Приживалку посадили на прежнее место. Было немало хохоту. Новый гость пожал руку Марфе Николаевне, Любаше, ее брату и шурину. Его посадили рядом с Анною Серафимовною.
Их перезнакомили. Действительно, он приходился в одинаковом дальнем родстве и покойному мужу Марфы Николаевны, и ей самой, и, стало быть, и Анне Серафимовне. Тетка припомнила племяннице, что они «с Сеней» игрывали и даже «дирались», за что Сеню раз больно «выдрали». Анна Серафимовна незаметно, но внимательно оглядела его.
– Как вас звать? – тихо спросила она под шум голосов и стук ножей.
– Купеческий брат Любим Торцов, – пошутил он. Говор его не то что отзывался иностранным акцентом, а звучал как-то особенно, пожестче московского.
– Нет, по отчеству?
– Тихоныч! – уже совсем по-купечески произнес он и даже на «о» сильнее, чем она произносила.
Это ей понравилось.
– Вы на Волге все жили? – спросила она.
– На Волге… десять лет невступно.
– Ведь я старше вас? – ласково выговорила она и в первый раз подольше остановила на нем свои глаза.
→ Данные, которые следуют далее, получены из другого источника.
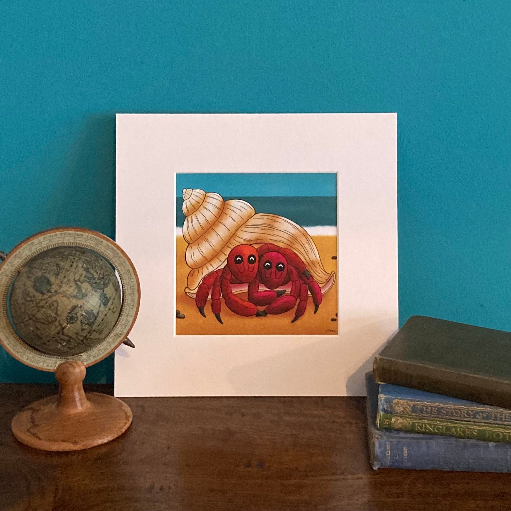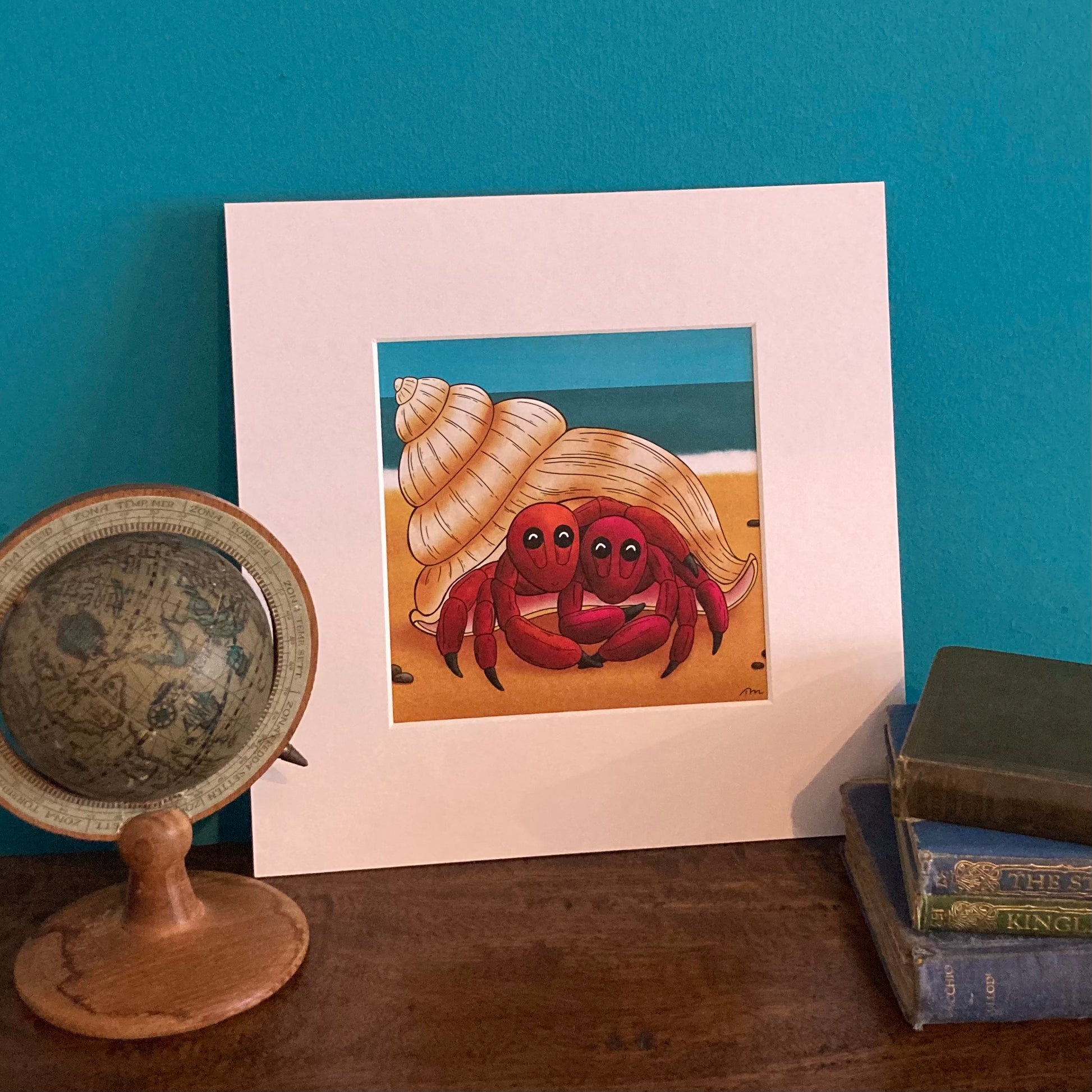 These happy hermit crabs are sure to brighten up any wall thanks to this mounted print of the original illustration 'There's No Shell Like Home' by Tom Mankin. Each of these hermit crab prints is mounted and ready to frame.

Рубцов тоже уставил глаза в ее брови: он таких давно не видал.
– Ну, вряд ли, – бойко, немного хриповатым голосом ответил он… – Мне двадцать шестой пошел. Я вот Митрофана на два года моложе.
– А я вас на два года старше…
Ей и то почему-то было приятно, что она старше его… На вид он смотрел тридцатилетним.
– И вы, – продолжала она понемногу спрашивать, – давно с Волги-то?
– …Да семь годов будет… Аттестат зрелости не угодил получить. Вы нешто не слыхали? Отец в делах разорился в лоск… И мать вскорости умерла. Сестра в Астрахани замужем. Вот я, спасибо доброму человеку, и уехал за море.
– В Англии всё были?
– И в Америке тоже. Какие крохи оставались – я махнул на них рукой… Да вы что же все про меня? Вы лучше про себя расскажите. Вон вы, сестричка, какая… Вы не обидитесь? Я вас, помню, так звал.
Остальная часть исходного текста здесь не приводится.